Auch die Früherkennung von Prostatakrebs erfordert einen Bluttest – den prostataspezifischen Antigen-Test (PSA). Erhöhte PSA-Werte können das Vorhandensein von Prostatakrebs anzeigen, selbst wenn keine körperlichen Abnormitäten vorliegen. Daraufhin kann dann eine Gewebebiopsie durchgeführt und eine Diagnose gestellt werden. Wenn diese positiv ist, kann der Krebs durch Operation oder Strahlenbehandlung behandelt werden. Und dann wird der Patient hoffentlich geheilt.

Unterstützer der Früherkennung argumentieren, der Krebs könne dadurch bereits im Frühstadium erkannt und behandelt werden, wenn die Heilungschancen am größten sind. Auch könnten jüngere Patienten zumindest die Nebenwirkungen der Krebsbehandlung besser verkraften. Die Befürworter behaupten auch, die seit zwei Jahrzehnten abnehmende Zahl der Todesopfer durch Prostatakrebs sei das Ergebnis der immer weiteren Verbreitung von PSA-Tests. Tatsächlich setzen sie sich für intensivere Früherkennungsprogramme ein.

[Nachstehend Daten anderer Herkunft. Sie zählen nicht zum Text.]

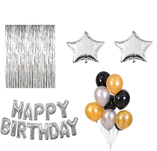 Happy Brthday Letter Foil Balloon Set of Gold + 3Pcs Silver Fringe Curtain (3 X 6 FeHappy Brthday alphabet letter foil balloon (Silver) set of 13 letters + Pack of 30 pcs Black Gold & Silver balloons Ship Non inflated Height of each letter is approx 16 inches and can cover wall space of about 20 sq. Feet Other balloons in picture only for reference .Complete backdrop for Brthday Suitable for Brthday theme party decorations and Brthday party supplies

Aber der Nutzen der Früherkennung ist nicht so eindeutig, wie deren Unterstützer behaupten. Natürlich sollten sich Männer, die einer Risikogruppe angehören, testen lassen – wie Afro-Amerikaner, Männer mit Vorfahren, die Prostatakrebs hatten, oder solche mit vergrößerter Prostata, die mit 5-Alpha-Reduktasehemmern behandelt werden (deren Unfähigkeit, PSA-Werte zu senken, zu einem erhöhten Prostatakrebsrisiko führen kann).

Für die meisten gesunden Männer allerdings hat sich die United States Preventive Services Task Force (USPSTF) – eine führendes Gremium von Experten für Vorsorge und Primärversorgung – öffentlich gegen allgemeine PSA-Tests ausgesprochen. Viele gut durchgeführte, randomisierte Langfristuntersuchungen am Menschen haben ergeben, dass diejenigen, die getestet, diagnostiziert und behandelt wurden, fast keine höhere Überlebenswahrscheinlichkeit haben, als die, die nie untersucht wurden.

Eine von der USPSTF zitierte europäische Untersuchung hat für einen Teil der Männer geringe Vorteile festgestellt, ohne dass deren Lebensqualität signifikant verbessert wurde. Eine weitere, in den USA durchgeführte Studie konnte keine höheren Überlebensraten PSA-getesteter Männer nachweisen. Außerdem fand kürzlich eine Studie, die die Ergebnisse von Patienten, deren Prostata chirurgisch entfernt wurde, mit denen von Patienten verglich, die lediglich untersucht wurden, keine Unterschiede in den Überlebensraten der beiden Gruppen.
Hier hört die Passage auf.